● **Work instructions**: Without any images, write the listing below out word for word.

•••

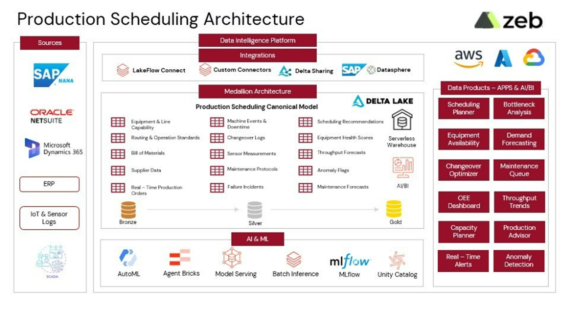 To address these challenges, zeb built the Production Scheduling Brickbuilder Accelerator, powered by the Databricks Data Intelligence Platform. The accelerator combines real-time operational technology data, predictive intelligence, and AI-assisted scheduling to transform fragmented production inputs into a governed, adaptive scheduling foundation, without heavy manual effort.
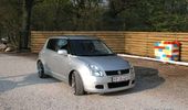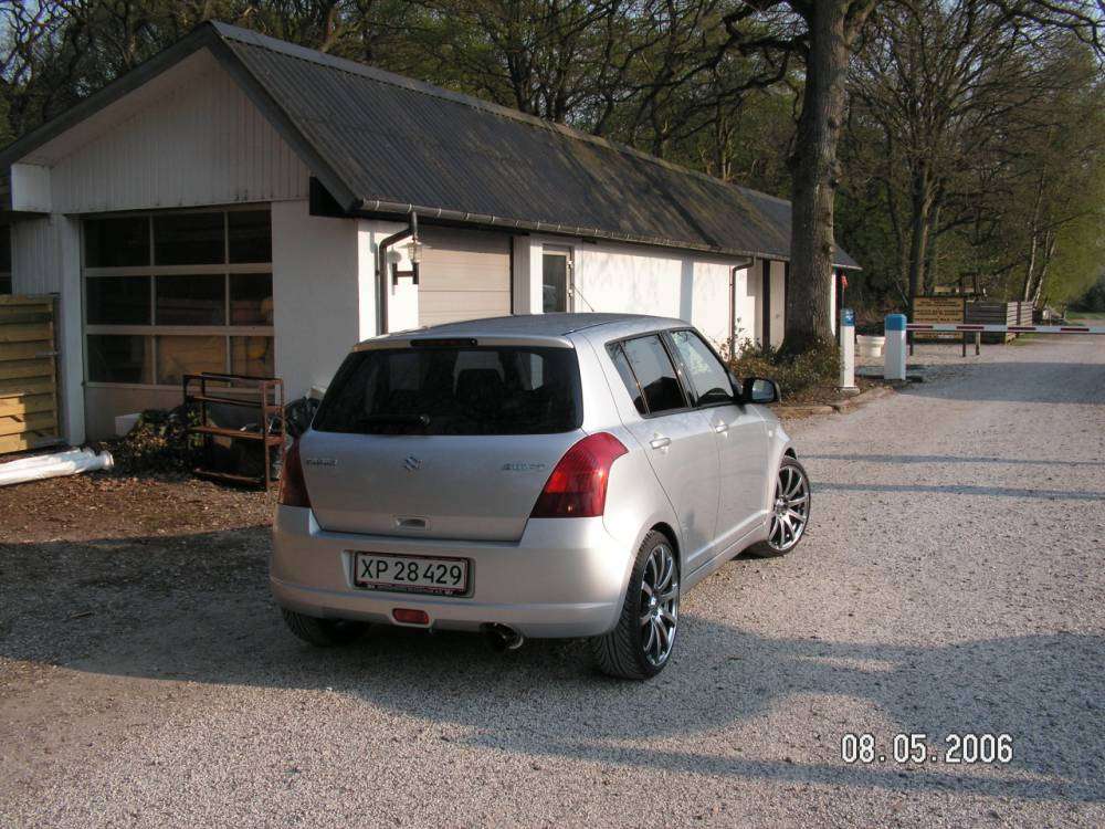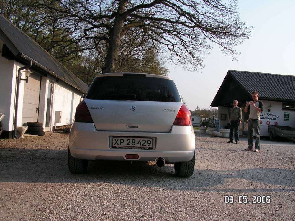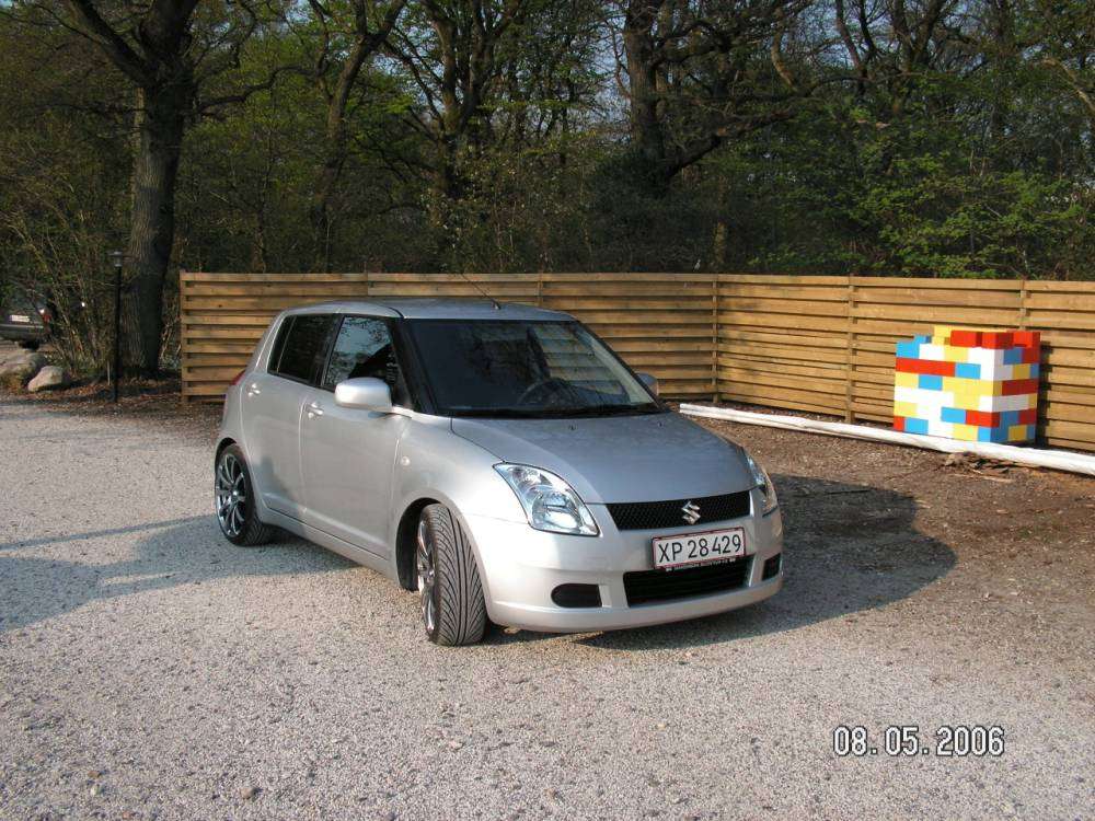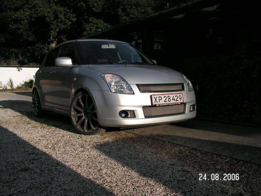 den er sænket 35mm. med Suzukis det originale. Fik tonet ruderne af nogle gutter ude fra Egå i Århus. Ved ikke lige hvad de hedder, men vil egentlig heller ikke anbefale dem. Det er fint nok, men der er enkelte fejl ved både min, min brors og min fars toning... og tak for det med lækker slæde
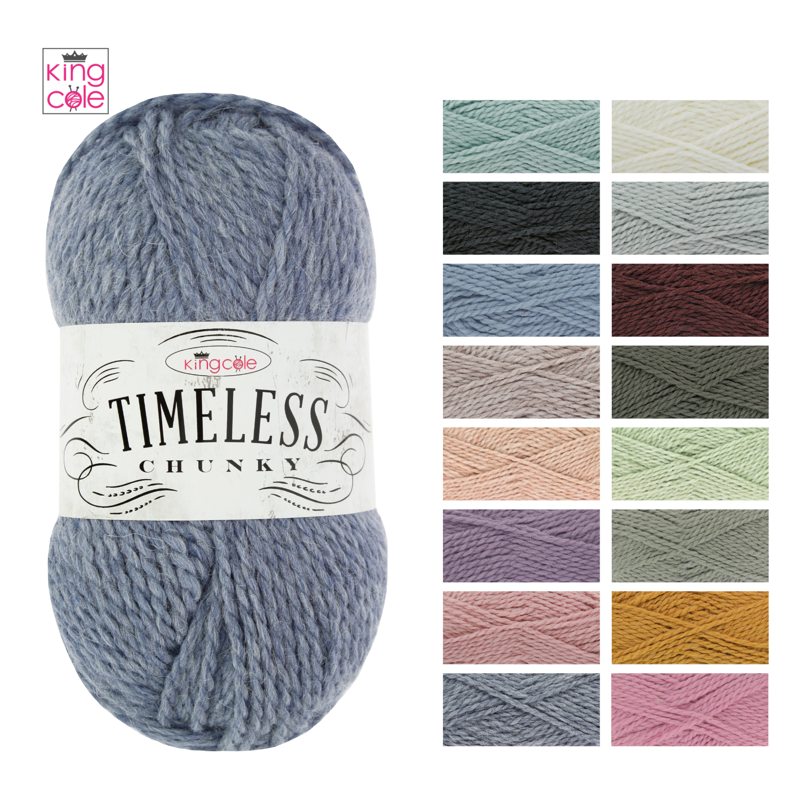 - King Cole Timeless Chunky is a super soft and cosy premium acrylic wool mixed with alpaca
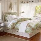 In the "Scandinavian" bedroom creates space for storage of things, so it is advisable to choose a bed with a lifting mechanism or drawers, mounted storage systems and endless shelves (mostly open). To feel this style and be inspired by ideas, pay attention to the models of bedrooms from Ikea, where practicality and minimalism are reflected.
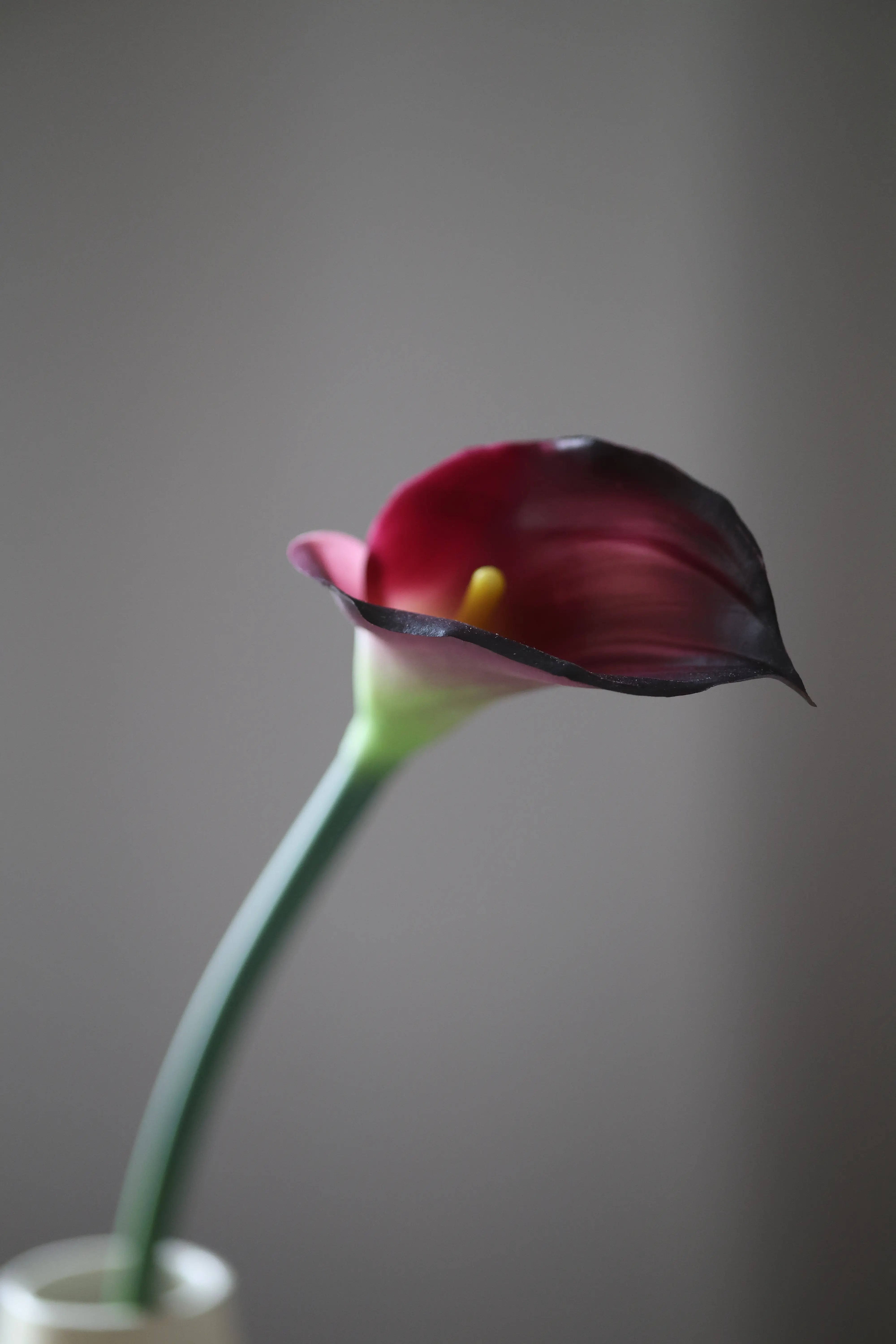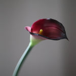 Ez a bordó kála virág rendkívül részletgazdag kialakítású. Egyetlen virágfeje bordó, tölcsér alakú, bársonyos tapintású szirommal rendelkezik, közepén finom sárgás torzsavirággal. A szár hossza kb. 65 cm
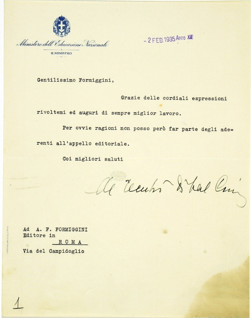 Lettere di De Vecchi di Val Cismon, Cesare Mario (1935 - 1938)

•••

● **Answer to this exercise**:
 To address these challenges, zeb built the Production Scheduling Brickbuilder Accelerator, powered by the Databricks Data Intelligence Platform. The accelerator combines real-time operational technology data, predictive intelligence, and AI-assisted scheduling to transform fragmented production inputs into a governed, adaptive scheduling foundation, without heavy manual effort.
 den er sænket 35mm. med Suzukis det originale. Fik tonet ruderne af nogle gutter ude fra Egå i Århus. Ved ikke lige hvad de hedder, men vil egentlig heller ikke anbefale dem. Det er fint nok, men der er enkelte fejl ved både min, min brors og min fars toning... og tak for det med lækker slæde
 - King Cole Timeless Chunky is a super soft and cosy premium acrylic wool mixed with alpaca
 In the "Scandinavian" bedroom creates space for storage of things, so it is advisable to choose a bed with a lifting mechanism or drawers, mounted storage systems and endless shelves (mostly open). To feel this style and be inspired by ideas, pay attention to the models of bedrooms from Ikea, where practicality and minimalism are reflected.
 Ez a bordó kála virág rendkívül részletgazdag kialakítású. Egyetlen virágfeje bordó, tölcsér alakú, bársonyos tapintású szirommal rendelkezik, közepén finom sárgás torzsavirággal. A szár hossza kb. 65 cm
 Lettere di De Vecchi di Val Cismon, Cesare Mario (1935 - 1938)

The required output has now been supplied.